Iva Bittova, whom Present Music introduced to Milwaukee in a program titled D/IVA, is an astonishing singer. Hearing her effortlessly reach extremes of range, color and timbre as she laced texts in several languages with cascades of emotive vocalizations, I thought first of the strange post-modern performance artist Meredith Monk. As the program unfolded, I thought of Laura Nyro, Ella Fitzgerald, Edith Piaf and Judy Garland. I'm sure each audience member was reminded of their own favorites.
Bittova' performed 12 of her compositions, art songs set to texts by different writers, among them Gertrude Stein ("you must not mistake me for the sky/I am I"). She draws on Gypsy and Jewish folk music with a good whiff of French cabaret, and she is very much herself: charmingly, humorously making light of her powers.

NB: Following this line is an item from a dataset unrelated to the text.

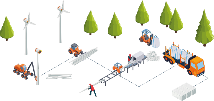 Este projeto propõe encontrar estratégias sustentáveis de reutilização e reciclagem de fim de vida (EOL) para as pás de aerogeradores, fabricadas em materiais compósitos, desenvolvendo uma tecnologia/equipamento de desmantelamento que permita não só alcançar a sustentabilidade económica (pela redução do custo de transporte), mas também, conseguir que o produto que resulte do desmantelamento possa ser reutilizado em novas aplicações.

In the opening acoustic set, she accompanied herself on violin; I could as well say she accompanied the violin with her voice. Beyond virtuosity, the instrument is part of her. Her voice often sounds like the violin in all the strange, comic, searing and beautiful sounds the instrument can produce. With no pretension, she strolled among the audience like a fiddler in a European street café, bending to play to patrons. In the second half, she was the singer at the microphone, her violin plugged in, and her band was the Present Music Ensemble on electric guitar, piano, sax, bass and drums. They took us to primal places and met us there.
The program also included Steve Reich's Double Sextet (2008) for flute, clarinet, vibraphone, piano, violin and cello. It can be played in two ways, according to the program: by 12 musicians doubling the parts or six musicians playing against a recording of themselves. Each method adds difficulty for the players and that may be the point, or perhaps it's a comment on our mediated age. Present Music played the piece against a recording by the Chicago ensemble Eighth Blackbird, the group that commissioned the work. The musicians matched each note of the recorded version with just enough natural discrepancy to keep us aware of the set-up. It might have been more rewarding had they played the very fast, repetitive, rhythmically complex music in unison with living doppelgangers. Reich won a Pulitzer for this characteristically minimalist urban tribal incantation, but for my money (I have none) Bittova's songs go deeper.